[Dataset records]
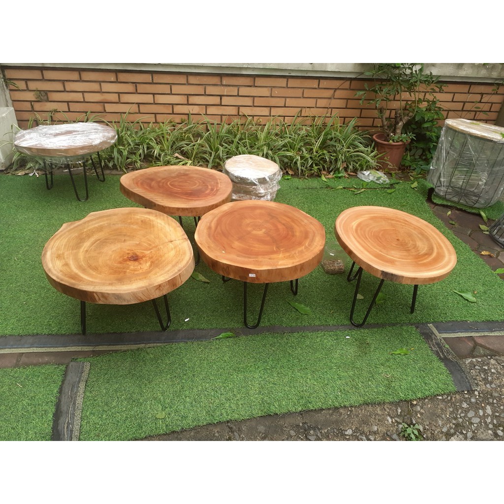 Nhà cửa & Đời sống > Nội thất > Bàn || Bàn cafe gỗ xà cừ gỗ nguyên tấm| Bàn trà Decor ban công Đường kính 25cm - 55cm - Chân hairpin cao 40 - 50cm TổngCòn hàng
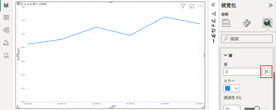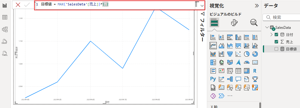 次にDAXメジャーを使った変数を用いて線の値を動的設定する方法を紹介します。
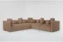 Introducing the Tao Khaki Beige Velvet 115" 5 Piece Modular Sectional, a sophisticated addition to any modern living room. This symmetrical sectional, upholstered in 100% polyester velvet, offers both durability and comfort. The khaki color provides a neutral and warm touch, making it an ideal centerpiece for your home.
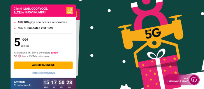 La promozione prevede 200 GB di traffico dati in 5G sulla rete TIM, accompagnati da minuti illimitati verso tutti e 200 SMS, il tutto a 5,99€ al mese. L’offerta è accessibile sia a chi richiede la portabilità da operatori come Iliad, CoopVoce, ho. Mobile, PosteMobile, Lyca, Fastweb, 1 Mobile e altri MVNO, sia a chi sceglie di attivare un nuovo numero.
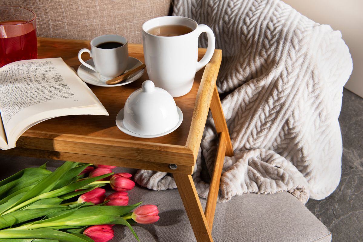 Il vassoio può essere utilizzato per servire la colazione, una merenda, per appoggiare il computer e permettere di lavorare.
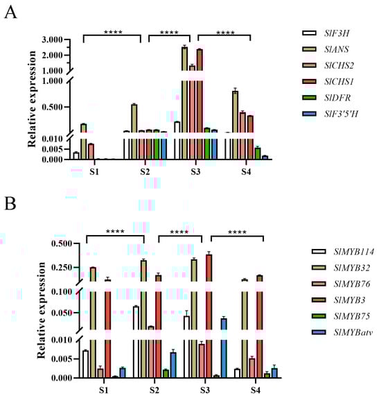 The expression dynamics of key structural genes were consistent between qRT-PCR and RNA-seq analyses. Their transcript levels increased gradually during fruit development, peaked at the S3 stage, and then slightly decreased at S4 (Figure 2A). The expression of SlMYB114, SlMYB75 and SlMYB76 peaked at the S2 stage and thereafter gradually decreased, reaching its lowest level at the S4 stage. Conversely, the transcript levels of SlMYB3, SlMYB32 and SlMYBatv increased during the early stages of fruit development, attained their maximum at S3 stage, and then declined (Figure 2B).
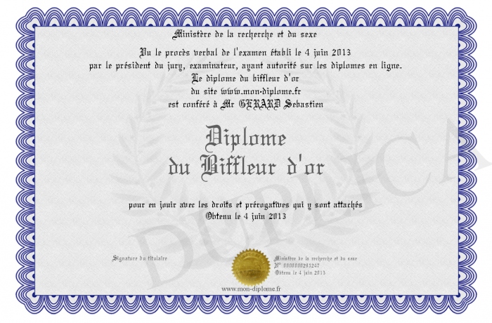 Envoyez par email votre Diplôme du Biffleur d'or personalisé
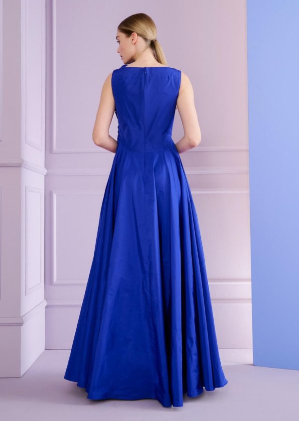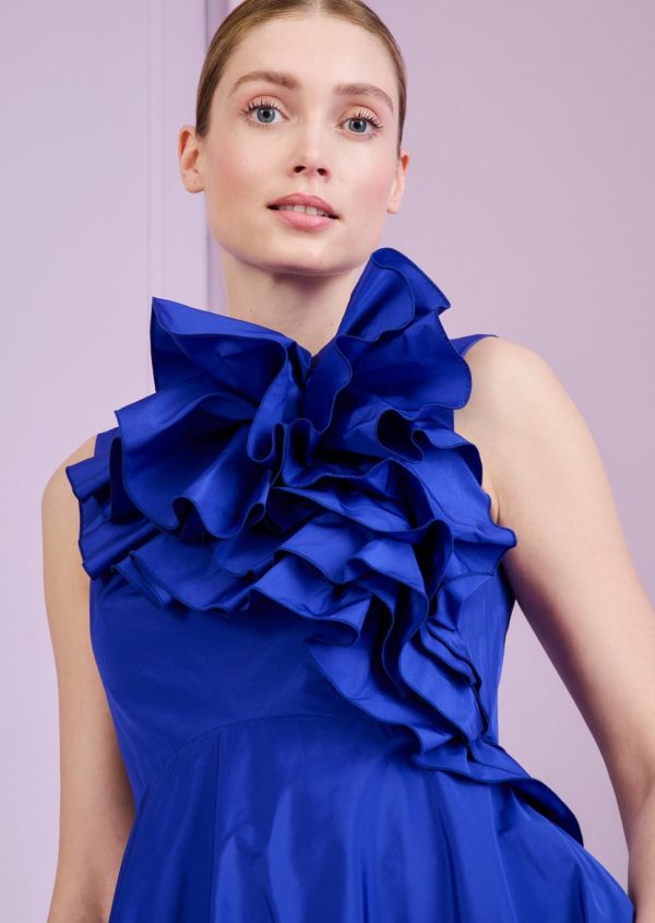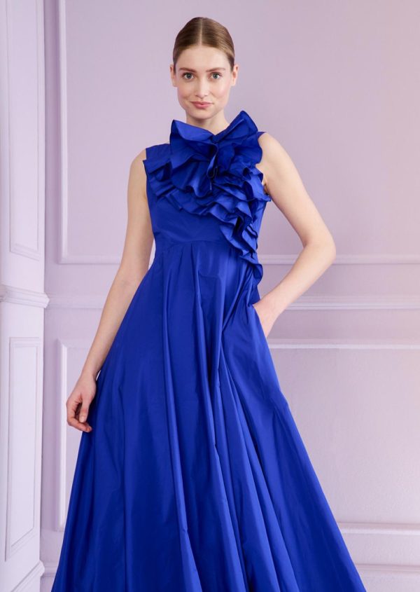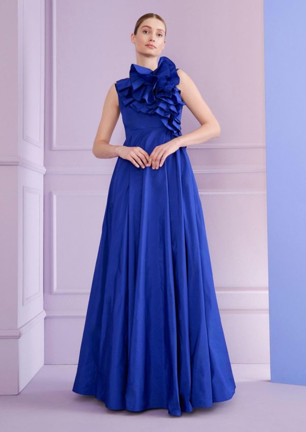 Of course, drama belongs on the stage – with this extravagant gown, however, it’s all yours! Our new evening gown made of feather-light taffeta boasts sophisticated details. The elegant high neckline certainly doesn’t hold back but instead wows with an exciting, ruffle panel that sweeps over the upper section. The waist is kept slim. Further down, the gown opens into a wide skirt – perfect for stepping out on the red carpet at the movie awards or a glamorous wedding in Ibiza or some other Mediterranean island.

TASK DESCRIPTION:
Leave out the pictures and repeat exactly the lines from the first line of the data through the line containing "Introducing the Tao". Add nothing else.

YOUR RESPONSE:
 Nhà cửa & Đời sống > Nội thất > Bàn || Bàn cafe gỗ xà cừ gỗ nguyên tấm| Bàn trà Decor ban công Đường kính 25cm - 55cm - Chân hairpin cao 40 - 50cm TổngCòn hàng
 次にDAXメジャーを使った変数を用いて線の値を動的設定する方法を紹介します。
 Introducing the Tao Khaki Beige Velvet 115" 5 Piece Modular Sectional, a sophisticated addition to any modern living room. This symmetrical sectional, upholstered in 100% polyester velvet, offers both durability and comfort. The khaki color provides a neutral and warm touch, making it an ideal centerpiece for your home.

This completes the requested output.